Companies run by Mark Zuckerberg’s social media giant Meta have been ordered to pay the Australian government $20m after they were found to have misled customers by secretly collecting their data for Facebook’s commercial benefit.

The Australian Competition and Consumer Commission (ACCC) launched action against Meta companies Facebook Israel and Onavo Inc in the Federal Court in relation to the Onavo Protect mobile app, which was shut down in 2019.

The consumer watchdog claimed the subsidiaries misled its customers by advertising that the app, a VPN security platform, could “keep your data safe when you browse and share information”.

But it was later revealed Facebook used the data to support its market research activities, including potential future acquisition targets.

The data was aggregated and anonymised to help advertisers “identify local competitors, notice big trends, find overlaps in use, benchmark performance and notice a shift in consumer attention”.

The ACCC argued the ads were not clear that Meta was using the app as a “business intelligence tool” that knew “nearly everything” the users were doing on their devices.

Both companies admitted to contravening the Competition and Consumer Act 2010, with Federal Court Justice Wendy Abraham describing the breaches as “undoubtedly serious”.

Thousands of Australians had been deprived of the opportunity to make “informed” decisions about the use of their data, Justice Abraham said.

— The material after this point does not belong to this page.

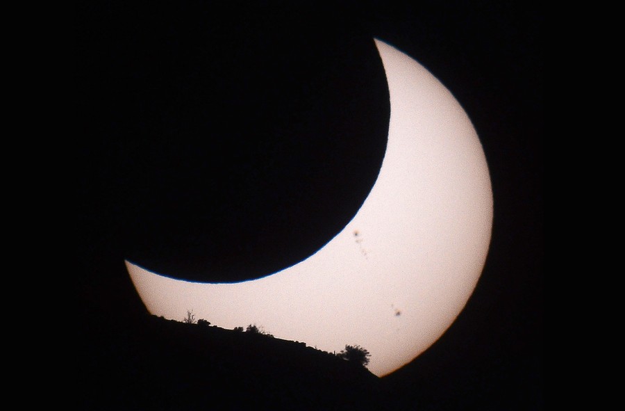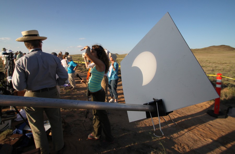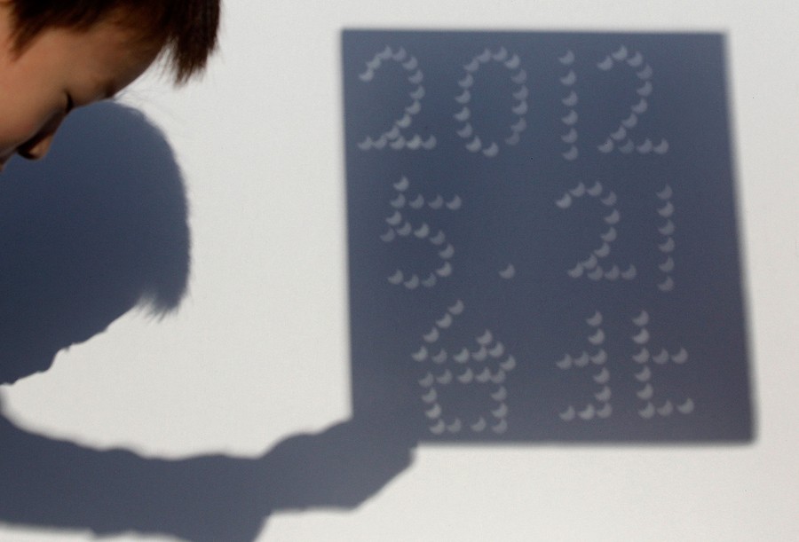 Read moreThe annular solar eclipse is projected onto a white piece of cardboard during a viewing party at the Petroglyph National Monument near Albuquerque, New Mexico, on May 20, 2012. #
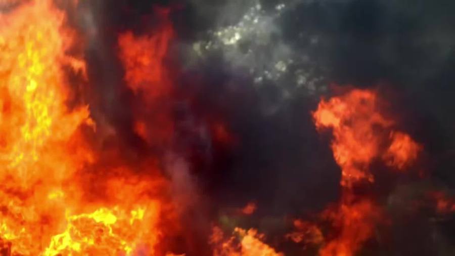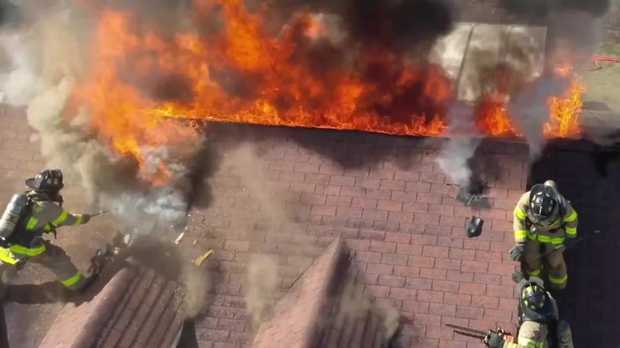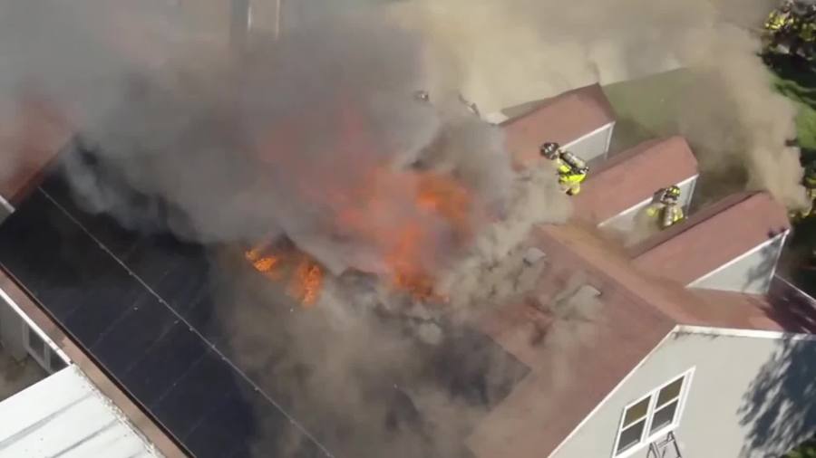 Photos from the scene show heavy fire and smoke coming form the roof of a two-story structure.

She has now ordered the two companies to each pay $10m.

“The listings that contained the statements were likely to mislead or deceive and liable to mislead the public in the absence of sufficient disclosures to Australian consumers (which they admit were not made in those listings) of the fact that Australian users’ data would be used for purposes other than providing Onavo Protect,” her judgment read.

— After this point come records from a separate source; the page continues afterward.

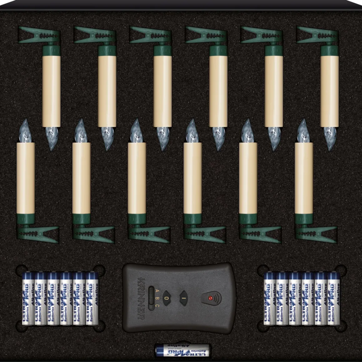 Zur Weihnachtsbaumkerze gehören 12 LED-Leuchten. Die Lichtanordnung wird mit Batterien betrieben. Damit bleiben Sie flexibel im Einsatz und unabhängig von Steckdosen.
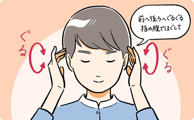 かたくなった側頭筋を「お疲れさま」という意味も込めて、人差し指、中指、薬指の3本で前へぐるぐる5回、後ろへ5回マッサージします。血流がよくなり、次の日のむくみ、たるみ予防にもなりますよ。
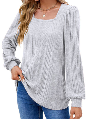 Blue Square Neck Solid Long Sleeves Polyester Top
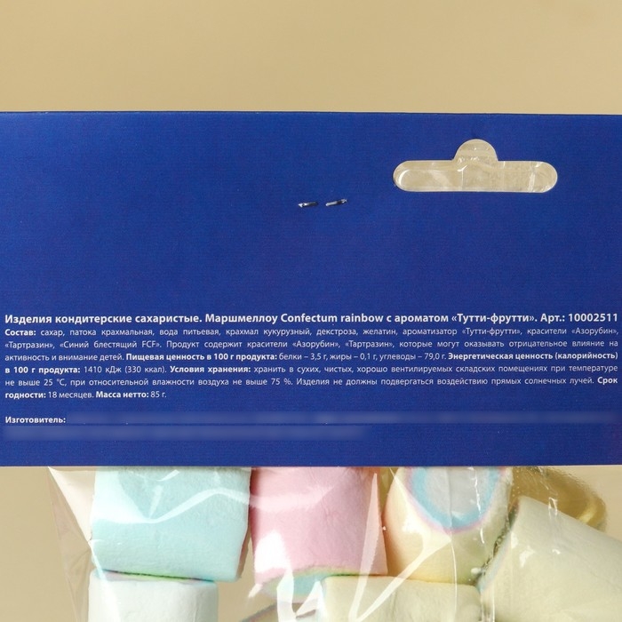 Состав: сахар, патока крахмальная, вода питьевая, крахмал кукурузный, декстроза, желатин, ароматизатор "Тутти-фрутти", красители "Азорубин", "Тартразин", "Синий блестящий FCF".
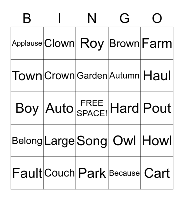 This bingo card has a free space and 49 words: Barnyard, Cart, Armful, Park, Large, Growl, Clown, Gown, Town, Down, Crown, Brown, Howl, Owl, Towel, Star, Garden, Hard, Barn, Farm, Auto, Because, Applause, Autumn, Hauling, Haul, Fault, August, Song, Belong, Strong, Along, Pout, Sound, Couch, Cloud, Found, Ouch, Pout, Shout, Loud, House, Mouth, Toy, Boy, Roy, Royal, Joy and Enjoy.

Justice Abraham slammed the companies for collecting “an extensive variety of data about users’ mobile device usage” despite the app being promoted to protect customer’s personal information.

It was acknowledged that disclosures were made in the app’s terms of service and privacy Policy.

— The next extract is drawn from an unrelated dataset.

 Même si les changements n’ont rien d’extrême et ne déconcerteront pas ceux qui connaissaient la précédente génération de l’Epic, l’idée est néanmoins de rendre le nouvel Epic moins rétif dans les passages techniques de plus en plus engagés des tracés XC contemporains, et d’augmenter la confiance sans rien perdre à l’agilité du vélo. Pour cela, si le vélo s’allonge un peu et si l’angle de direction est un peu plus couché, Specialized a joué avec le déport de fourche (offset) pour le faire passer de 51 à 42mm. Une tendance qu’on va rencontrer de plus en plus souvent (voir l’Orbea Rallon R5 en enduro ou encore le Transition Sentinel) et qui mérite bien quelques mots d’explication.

But the judge found this information was not “prominent” on the advertisements in both the Apple App Store and Google Play Store in 2016 and 2017.

“An anonymised and aggregated form of that data was provided to their parent company, Meta Platforms Inc (Meta), and used by Meta for a range of commercial purposes,” she said.

While she ordered the companies to pay $10m each, Justice Abraham noted the maximum penalty she could have imposed was “more than $145bn”.

But she said she was satisfied the agreed penalty “satisfies the significant element of deterrence”.

“It carries with it a sufficient sting to ensure that the penalty amount is not such as to be regarded by the parties or others as simply an acceptable cost of doing business,” she said.

Both companies, which operate under Meta, must also pay $400,000 of the ACCC’s legal costs throughout the proceedings.

The fine wraps up just one branch of Meta’s legal issues in Australia. It is still facing court action by the Office of Australia Information Commissioner over its dealings with Cambridge Analytica in Australia during the 2016 US election.